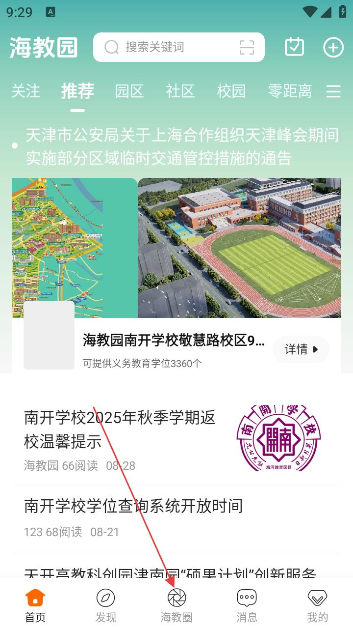 1、进入【海教园】软件首页,能看到各类资讯,点击底部【海教圈】,可进入圈子页面。
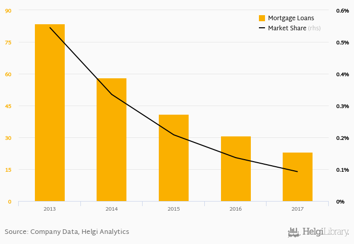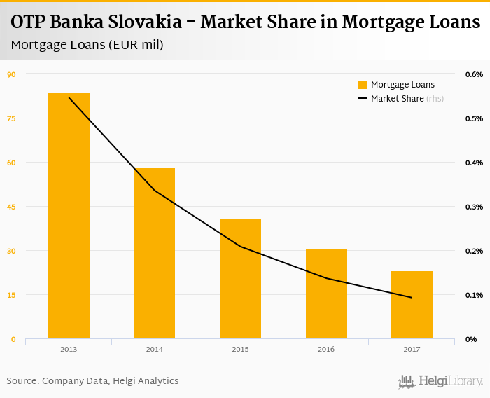 OTP Banka Slovakia accounted for 0.092% of all mortgage loans issued in Slovakia at the end of 2017. Historically, the bank’s market share in mortgage loans reached an all time high of 0.546% in 2013 and an all time low of 0.092% in 2017.
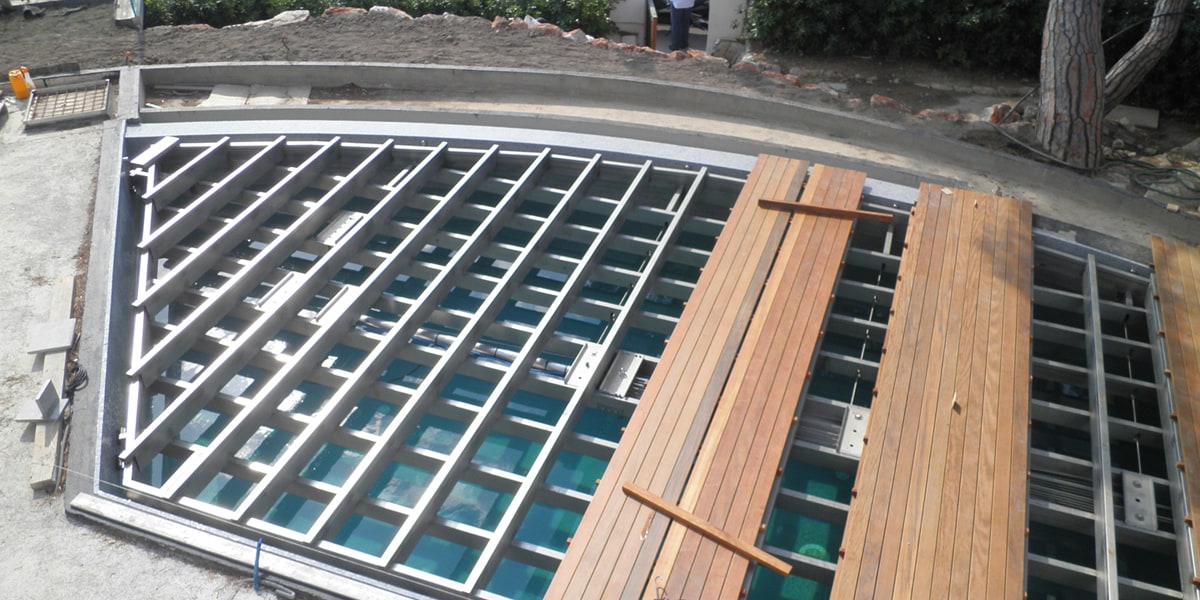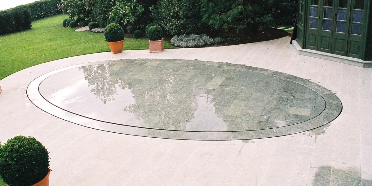 一旦地板升至高,帶有升降式地板的游泳池就完全從視線中消失了,在里面游泳是不可能的。然后地面重新出現(xiàn),您可以將其變成露臺,享受完美的放松夜晚。
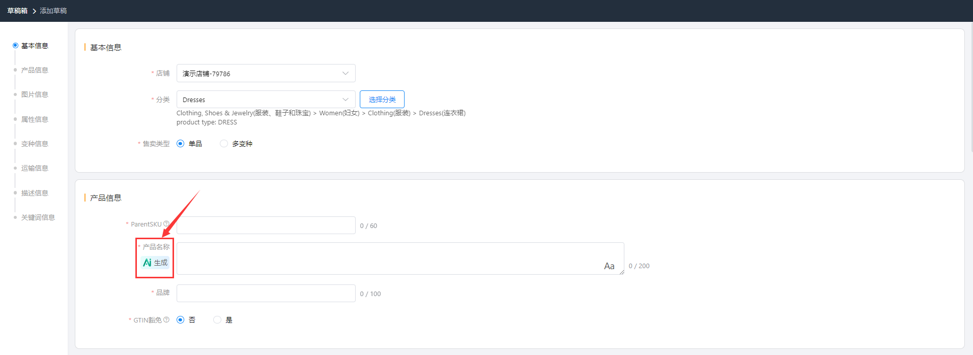 刊登中产品名称、要点、商品描述的限制⾃动带到Listing⽂案⽣成中
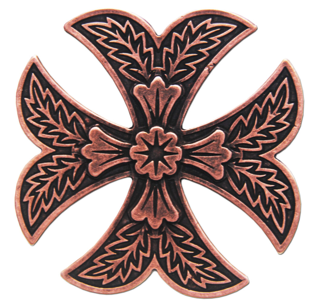 La cruz está tomada de la estatua yacente de san Millán, en el cenotafio del monasterio de Suso. Es una excepcional obra románica del siglo XII. El santo está revestido de pontifical y lleva la cruz en la casulla.
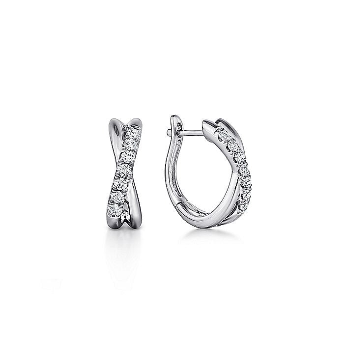 HOME / Gabriel & Co. EG13328W45JJ 14K White Gold Twisted 15mm Diamond Huggies
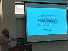 In 2012, research on the pieces returned to the mainstream academia with the involvement of Reniel Rodríguez Ramos from the University of Puerto Rico at Utuado, who was concerned that up to that point most of the local research had been carried by historians.[7][lower-alpha 4] During his first visit to the ICP, he encountered part of the Collection being repurposed and the rest in storage.[4] While attending an activity in the British Museum in 2014, Rodríguez took some pieces with him to the cuneiform exhibit, where he was casually presented to C.B.F. Walker while showing Jago Cooper a copy of Hostos' letter to the now-retired cuneiform expert.[4] None of the present gave a definitive answer to their nature, but agreed that further study was needed.[4] Parallel to this process, a documentary began being prepared by cinematographer Carlos García in collaboration with Rodríguez and his team.[4]
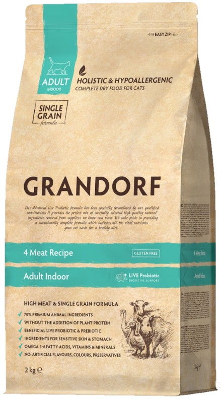 Hrană uscată pentru pisici Grandorf Adult Indoor 4 Meat 2kg

####

▶ THE PROBLEM
From the opening line of the listing above through the line bearing "刊登中产品名称、要点、商品描述的限制⾃动带到Listing⽂案⽣成中", repeat each line exactly. Drop every picture.

▶ PROBLEM SOLUTION
 1、进入【海教园】软件首页,能看到各类资讯,点击底部【海教圈】,可进入圈子页面。
 OTP Banka Slovakia accounted for 0.092% of all mortgage loans issued in Slovakia at the end of 2017. Historically, the bank’s market share in mortgage loans reached an all time high of 0.546% in 2013 and an all time low of 0.092% in 2017.
 一旦地板升至高,帶有升降式地板的游泳池就完全從視線中消失了,在里面游泳是不可能的。然后地面重新出現(xiàn),您可以將其變成露臺,享受完美的放松夜晚。
 刊登中产品名称、要点、商品描述的限制⾃动带到Listing⽂案⽣成中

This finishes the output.